HTML5 mobile online tracking lawsuit. A class action lawsuit was filed against Ringleader Digital alleging privacy violations arising out of its use of HTML5’s client-side database storage capabilities to track users of mobile devices as they surfed the Internet. Similar to the flash cookie lawsuits, plaintiffs allege that the HTML5 tracking capabilities returned even if users were able to delete the HTML5 database engaged in the tracking. A copy of the complaint can be found HERE. It alleges a series of data privacy and security violations, including (among others) violations of CFAA and various California laws.

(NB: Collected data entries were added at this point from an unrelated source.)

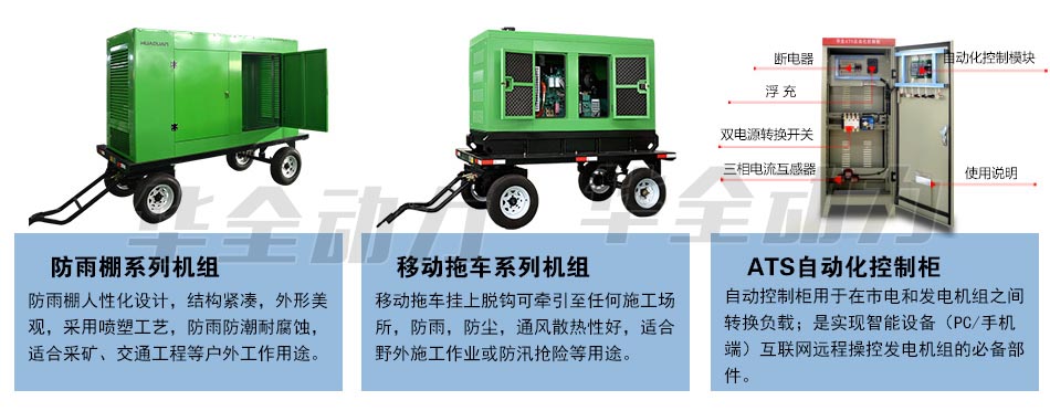 移動拖車掛上脫鉤可牽引至任何施工場所,防雨,防塵,通風散熱性好,適合野外施工作業(yè)或防汛搶險等用途。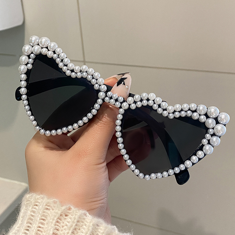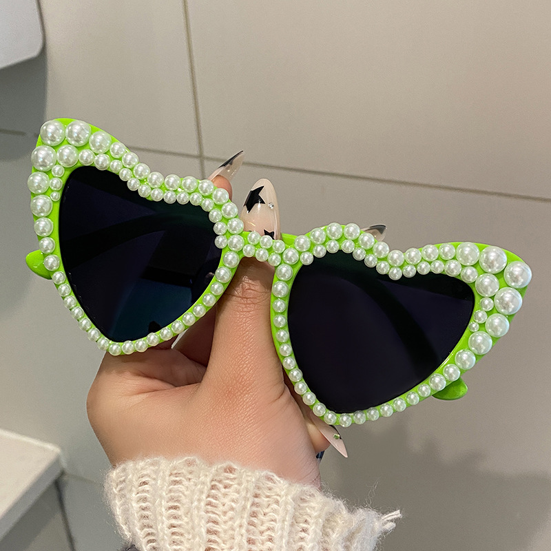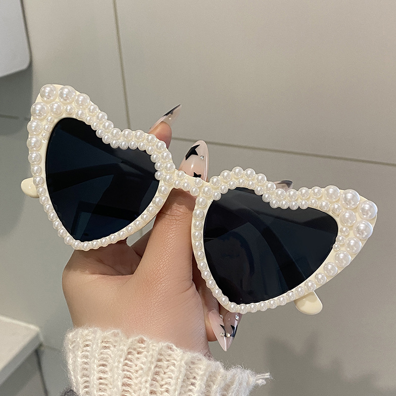 2025 새로운 하트 모양의 파티 안경 유럽과 미국의 패션 러브 선글라스 여성 하이 엔드 진주 선글라스 도매스토어 가기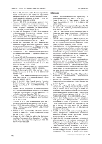 8. Марков А.С., Ромашкина Н.П. 2022. Проблема выявления источника (атрибуции) кибератак - фактор международной безопасности. - Мировая экономика и международные отношения. Т. 66. № 12. С. 58-68. https://doi.org/10.20542/0131-2227-2022-66-12-58-68.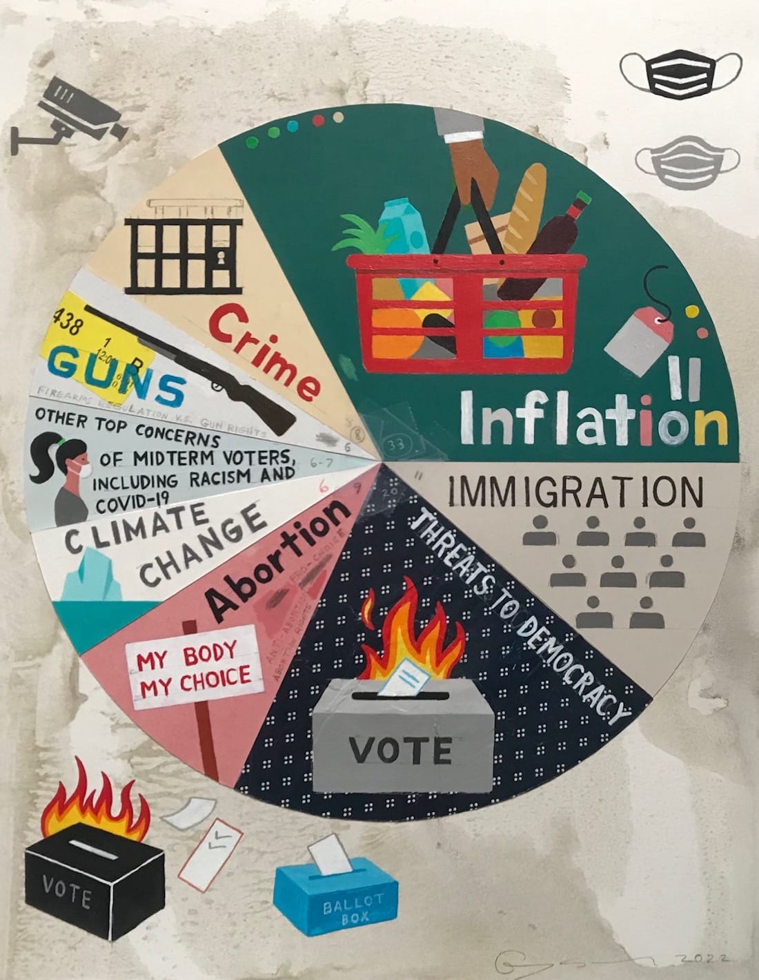 As the titles indicate, the subjects include reasons for “Unfriending” (2011), “Top Concerns of Midterm Voters (study)” (2022), and “Leading British Phobias” (2011). This sampling proposes that your opinion about anything seems to matter to someone. Dating between 1998 and 2022, the works communicate the ubiquitous role pie charts (or surveys) play in our lives. “Purse Essentials (Study)” (2022) refers to a survey on what people consider essential objects to be contained in a purse. According to Colson’s chart, lip balm, gum/mints, cellphone, pain reliever, hairbrush, tissues, ATM card, cash, and credit cards are considered indispensable. “Other items women specify as the most essential to carry in their purse” are “sunglasses, tampons, and condoms.”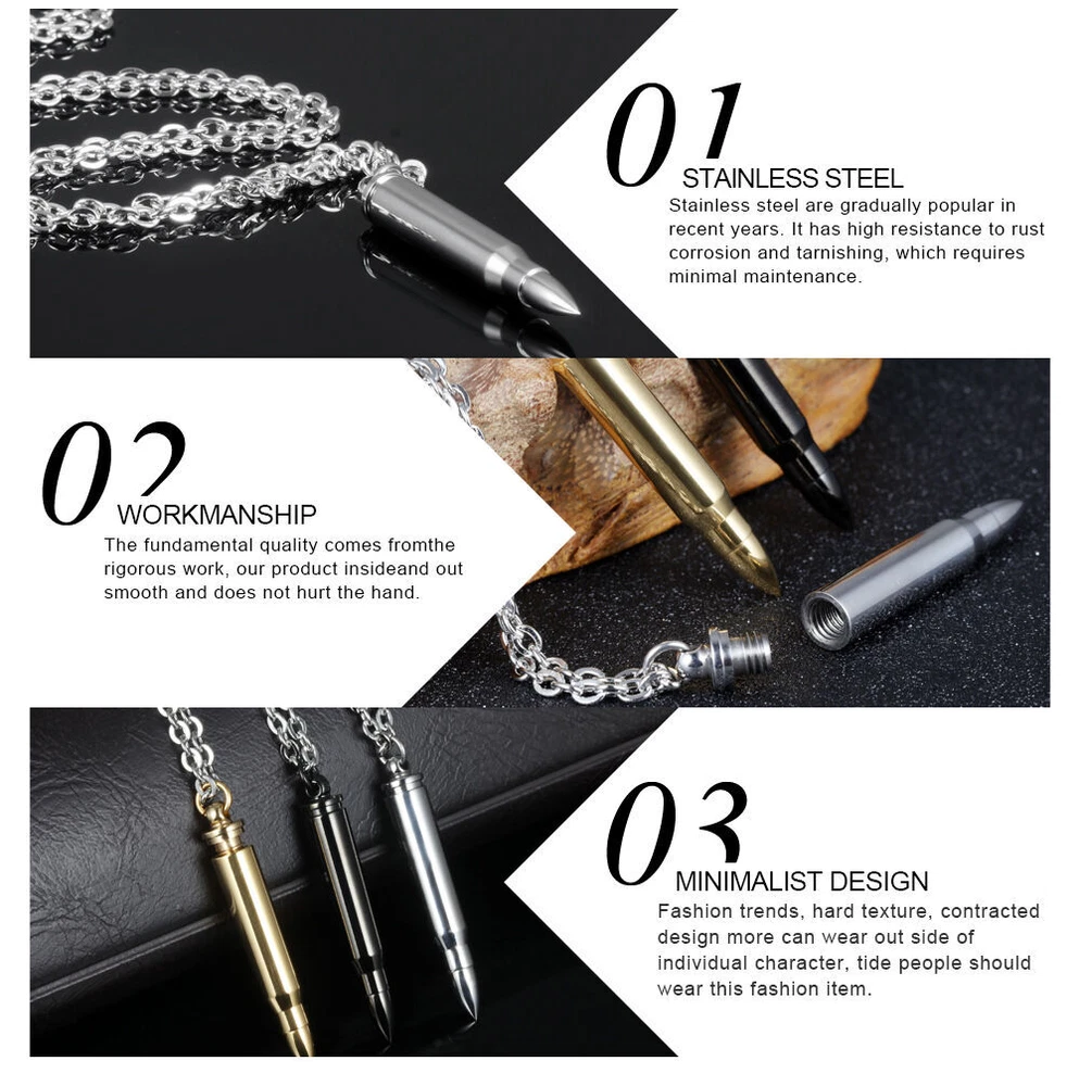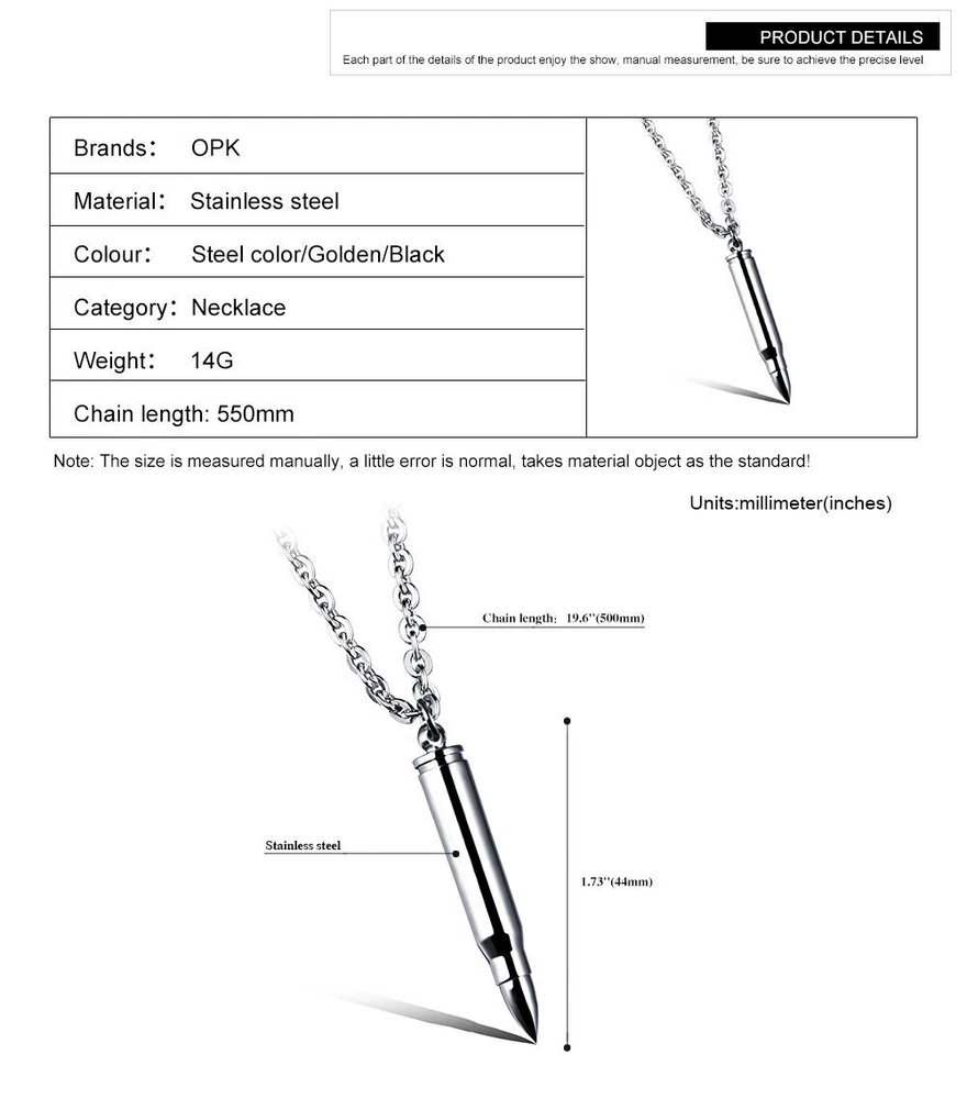 Product Description Condition: 100% brand new Material: Stainless Steel Stone:None Pendant Height: 1.73"(44mm) Chain: 60cm(24 inches) Quantity: 1pcs Color: Silver,Black,Gold

History sniffing online tracking lawsuit. In two separate lawsuits an online advertising company (Interclick) and a pornography website (YouPorn) were sued for engaging in a practice known as “history sniffing.” History sniffing involves obtaining data about a user’s web surfing by secretly accessing the web history data stored by most commonly used browsers. This browsing history data is then used to create profiles about the user’s online behavior and visits to websites across the Internet. The complaint against Interclick can be found HERE. The compliant alleges (among others) violations of the CFAA, ECPA, violations of various New York laws and trespass to chattels.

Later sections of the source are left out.